MAĞDURİYETLER ÂCİLEN GİDERİLMELİ
Vakıa şu ki, Ocak 2019’da yayımlanan “2. Yılında OHAL’in Toplumsal Maliyetleri Araştırma Raporu”na göre, “KHK’larla doğrudan mağdur olanların sayısının 250 bini geçmesi, ayrıca OHAL/KHK mağdur yakınları olan ikincil mağdurların âileleriyle birlikte bir buçuk milyonu bulması” vaziyeti ele veriyor.
Ne var ki 15 Temmuz Hâdisesi’nin hemen akabinde 20 Temmuz 2016’da ilan edilenOHAL dönemindeki ihraç, gözaltı ve tutuklama furyasında, tek kelime savunmaları alınmadan, dünyanın hiçbir demokratik ülkesinde ve hukukta itibar edilmeyen sahte ihbarlarla, “gizli istihbarat jurnalleri”yle, yargısız sorgusuz - sualsiz yüz binlerce vatandaşın OHAL KHK’larıyla “mensubiyet, iltisak ve irtibat” garabetiyle kamudan ve özel sektörden atılmasıyla açığa çıkan haksızlıklara karşı “iktidara ilişik medya” yorumcuları yüksünmeden hâlâ “hukukî yollar açık” diyorlar.
Ekim ayı raporunda 126 bin 200 başvurudan 92 binini sonuçlandırıp ancak 8 bin 100 başvuruyu kabul etmesiyle yine “dağ fare doğurdu” dedirten OHAL Komisyonu “OHAL uygulamalarının titizlikle incelendiği ve hukukî mekanizmaların işlediği” iddia ediyor. (gazeteler, 25.1019)
Oysa haklarında hiçbir ceza davası açılmayan, tâkipsizlik kararı verilen ya da beraat eden OHAL mağdurlarının haklarının bir an önce iâde edilmesi, hukuka uygun bir soruşturma olmaksızın OHAL KHK’larıyla işinden atılan binlerce kişinin yaşadığı ağır mağduriyetlerin âcilen giderilmesi gerekiyor.
“HUKUKÎ BİR TANIMLAMA DEĞİL…”
Gerçekten, madem bir hukukçu olarak Arınç’ın tesbitiyle, “Bütün bu haksızlıkların ve mağduriyetlerin telâfisi için bir af çıkarmaya gerek yok, ihraçlara dair OHAL KHK’larının önemli bir kısmı Meclis’te yasalaşıp kanun haline geldiği için, yeni bir kanuni düzenlemeyle hakları iâde edilebiliyor.
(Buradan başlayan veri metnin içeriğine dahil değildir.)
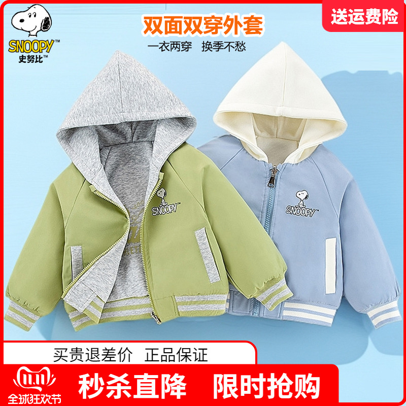 正品史努比童装男童短款厚外套2025秋冬装儿童双面穿棉衣连帽卫衣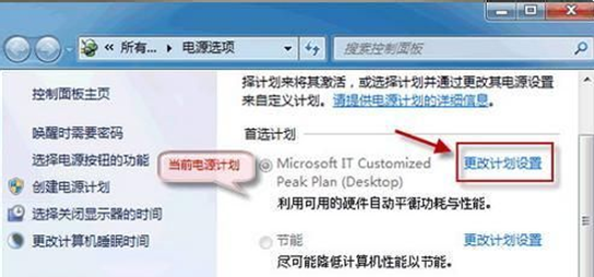 1.在开始搜索框中输入“电源选项”后按回车。打开电源选项,单击“更改计划设置”。

Bunun için üç-dört maddelik bir kanun teklifi yeterlidir, mesele bu kadar basittir ve bir hafta yeterlidir”; niçin siyasi iktidar bu çözüme yanaşmıyor?
Madem, “mensubiyet ve iltisak”la yapılan ihraçlar, ‘hukuki bir tanımlama’ değil, sadece bir tedbir ve delil olmayan bir ‘kanaat’ten ibârettir”; neden haksızlık ve hukuksuzlukların ortadan kaldırılmasına çalışılmıyor?
Milyonlarca vatandaşın mağduriyeti ortada. Artık politik polemiklerle siyaset yapmaktan vazgeçilmeli; hiç olmazsa “ikinci yargı paketi”nde bu ağır probleme çözüm getirilmeli.